I havn't heard any Lanzar stuff since the late '80s early '90s when they were top notch. I remember the components at that time sounded really good. I never ran them but a friend sold Lanzar and had them in his car. I loved the Opti amps and have experienced the 2100 and the 4150. I was blown away by the 50C. That amp put out 1'000 watts at 1ohm and was rated as a 50 watt amp. A friend used two Lanzar 15's in a Camaro pushed by a 50C and it blew the panel by the rear seat off, made the hatch lock cylinder fall to pieces and spin in the casing, and pushed the rear glass nearly out of the rubber seal. I'm shocked to hear this review of the newer Lanzar components as I've passed on them since Lanzar sold out to Pyramid(IIRC). This goes to show that most any speaker can be used with good results if you take the time to properly install and tune.


----------



## Genxx (Mar 18, 2007)

That is nice looking set of comps. I am suprised they look that good and the x-over looks that nice for the price. Hell I might get a pair just to check them out for hell of it. Might be the new bang for the buck right here.


----------



## Abqrb2000 (May 20, 2007)

I just put 150 rms from an old school Lanzar 4150 bridged and they sound even better! The bass also seems to be getting stronger like the mid is getting broke-in? I drove them hard for several hours and the rocked with all types of music and the mid never got too hot maybe from the 3" voice coil.
I wander what they would sound like with more power?


----------



## elminster (Jan 9, 2007)

what is the mounting depth on these?


----------



## Abqrb2000 (May 20, 2007)

I measured it at 2 3/4 inches. Here is the link to Lanzar also.
http://www.lanzar.com/itempage.asp?MODEL=OPTI6C


----------



## tard (Jul 13, 2006)

who's building that for them? morel?


----------



## Abqrb2000 (May 20, 2007)

That is a good question..


----------



## BlackLac (Aug 8, 2005)

Where can u get them online for $109?


----------



## Abqrb2000 (May 20, 2007)

From Etronics.com 109.00
There are also the Aluminum Optidrive comps that look similar but have a silk tweeter. I would stay with one of Optidrive lines. 
http://www.etronics.com/product.asp?stk_code=lanopti6c&store=&catid=5767


----------



## WrenchGuy (Jun 10, 2007)

I have the silver Optidrive mid bass drivers good buy? Comparable? Sorry if Im intruding!


----------



## tyroneshoes (Mar 21, 2006)

Seems like the driver is similar to the cadence top of the line and the new Soundstream reference. Same 3 inch voice coil, cone and basket


----------



## Abqrb2000 (May 20, 2007)

WrenchGuy said:


> I have the silver Optidrive mid bass drivers good buy? Comparable? Sorry if Im intruding!

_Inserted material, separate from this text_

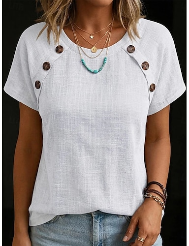 Mujer Camiseta Camiseta superior Botones Plano Moda Elegante Clásico Manga Corta Cuello Barco Tops regulares Diario Noche Fin de semana Azul Piscina Blanco Amarillo Rosa Verde Trébol Verano Primavera

Are you saying you like them or asking how good they are? They seem very similar to the black paper ones..


----------



## WrenchGuy (Jun 10, 2007)

Abqrb2000 said:


> Are you saying you like them or asking how good they are? They seem very similar to the black paper ones..


The silver ones arent paper hmmmm I was lookin for an opinion I havent used mine yet. I was wondering how they perform. There so many choices and for 50 bucks i just bought them to see.


----------



## Hillbilly SQ (Jan 26, 2007)

WrenchGuy said:


> The silver ones arent paper hmmmm I was lookin for an opinion I havent used mine yet. I was wondering how they perform. There so many choices and for 50 bucks i just bought them to see.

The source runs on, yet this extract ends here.